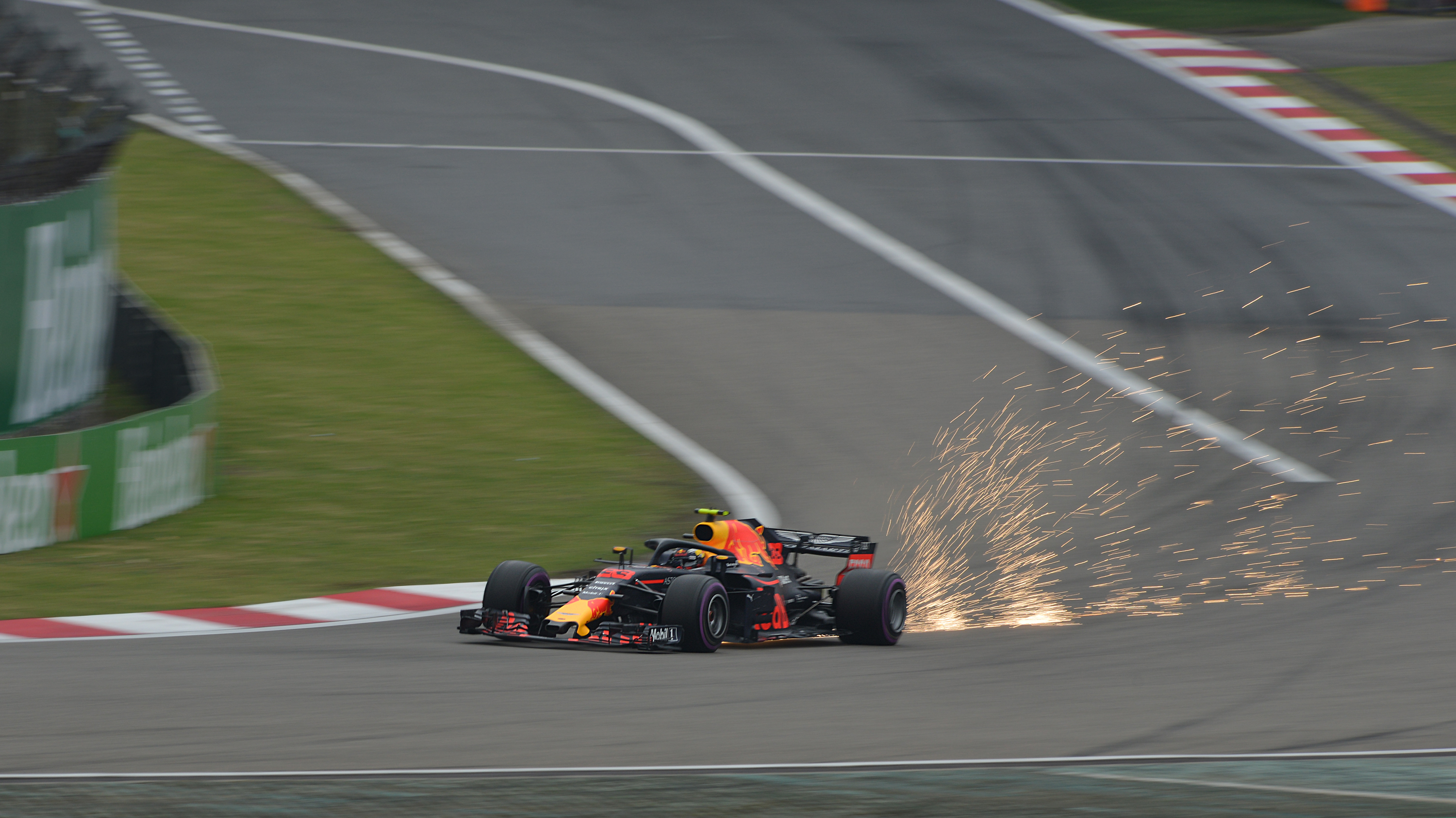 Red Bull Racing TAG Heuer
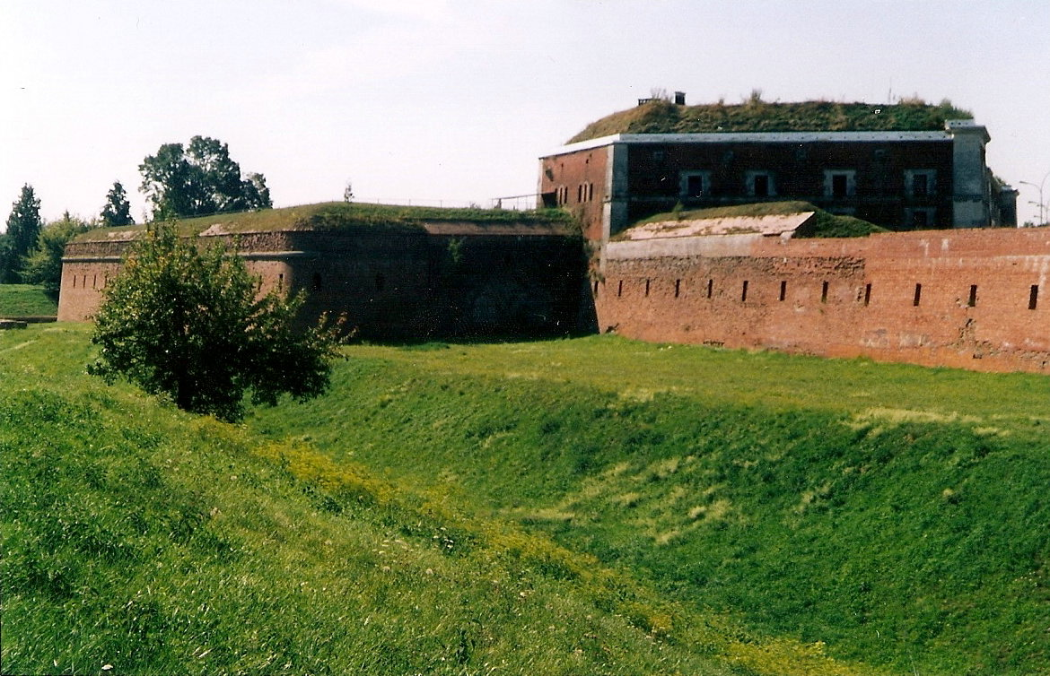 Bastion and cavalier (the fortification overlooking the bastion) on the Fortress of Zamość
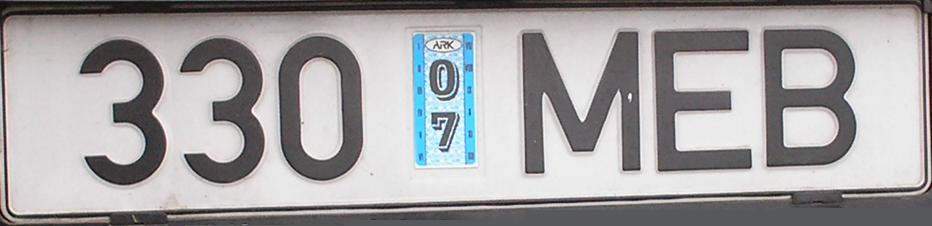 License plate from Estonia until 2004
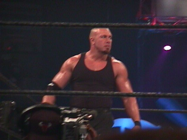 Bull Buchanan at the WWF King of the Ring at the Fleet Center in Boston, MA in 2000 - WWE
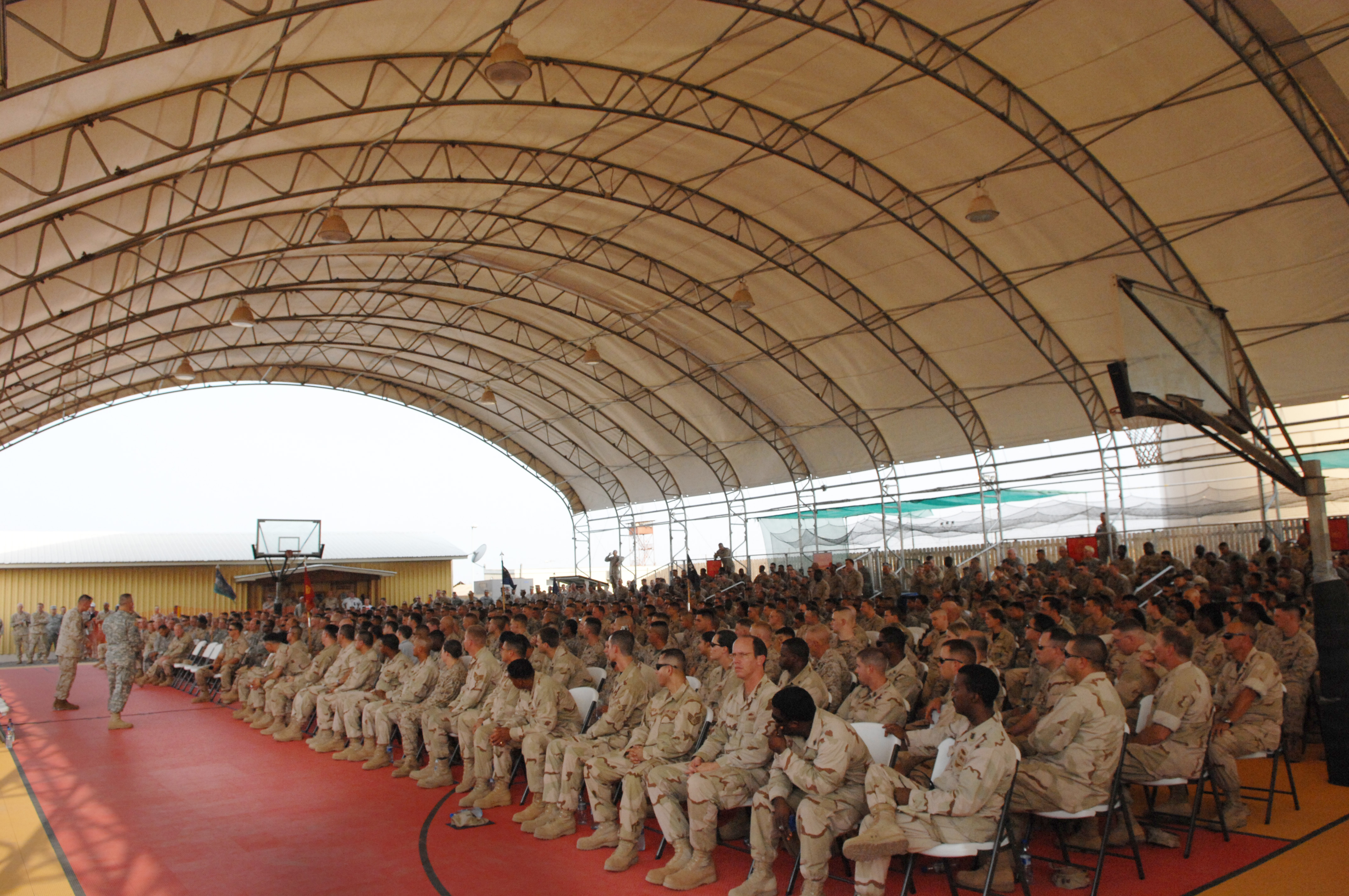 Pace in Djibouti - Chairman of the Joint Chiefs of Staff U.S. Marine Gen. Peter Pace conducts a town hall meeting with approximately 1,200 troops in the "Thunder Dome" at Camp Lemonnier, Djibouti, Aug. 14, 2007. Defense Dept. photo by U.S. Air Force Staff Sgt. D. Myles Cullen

==

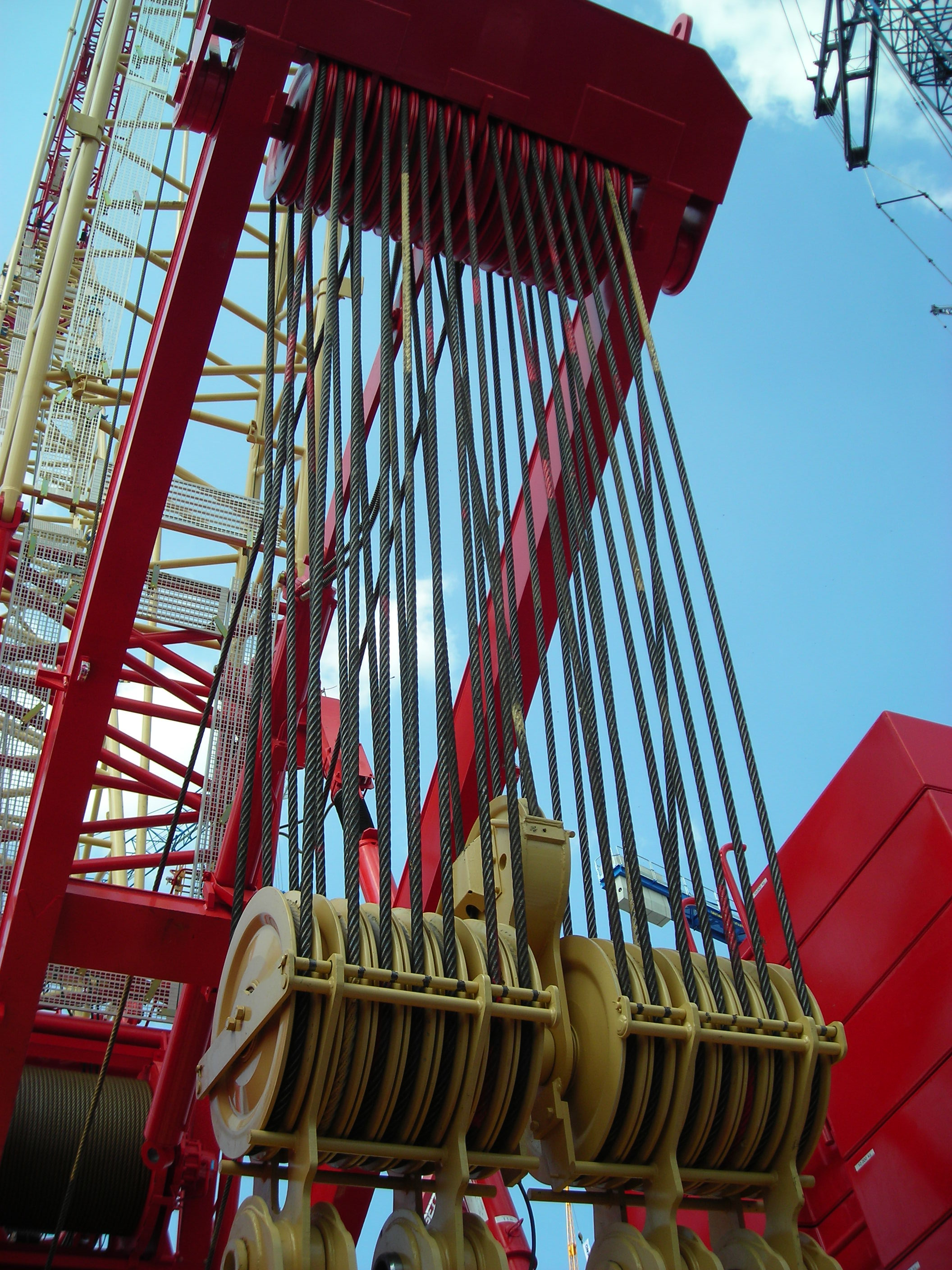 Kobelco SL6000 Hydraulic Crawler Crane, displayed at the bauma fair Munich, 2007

◆ **Task directions**:
Both boundary lines included, write out word for word only the lines above from the one containing "License plate from Estonia until 2004" to the one containing "Pace in Djibouti", leaving out any pictures.

◆ **Exercise output**:
 License plate from Estonia until 2004
 Bull Buchanan at the WWF King of the Ring at the Fleet Center in Boston, MA in 2000 - WWE
 Pace in Djibouti - Chairman of the Joint Chiefs of Staff U.S. Marine Gen. Peter Pace conducts a town hall meeting with approximately 1,200 troops in the "Thunder Dome" at Camp Lemonnier, Djibouti, Aug. 14, 2007. Defense Dept. photo by U.S. Air Force Staff Sgt. D. Myles Cullen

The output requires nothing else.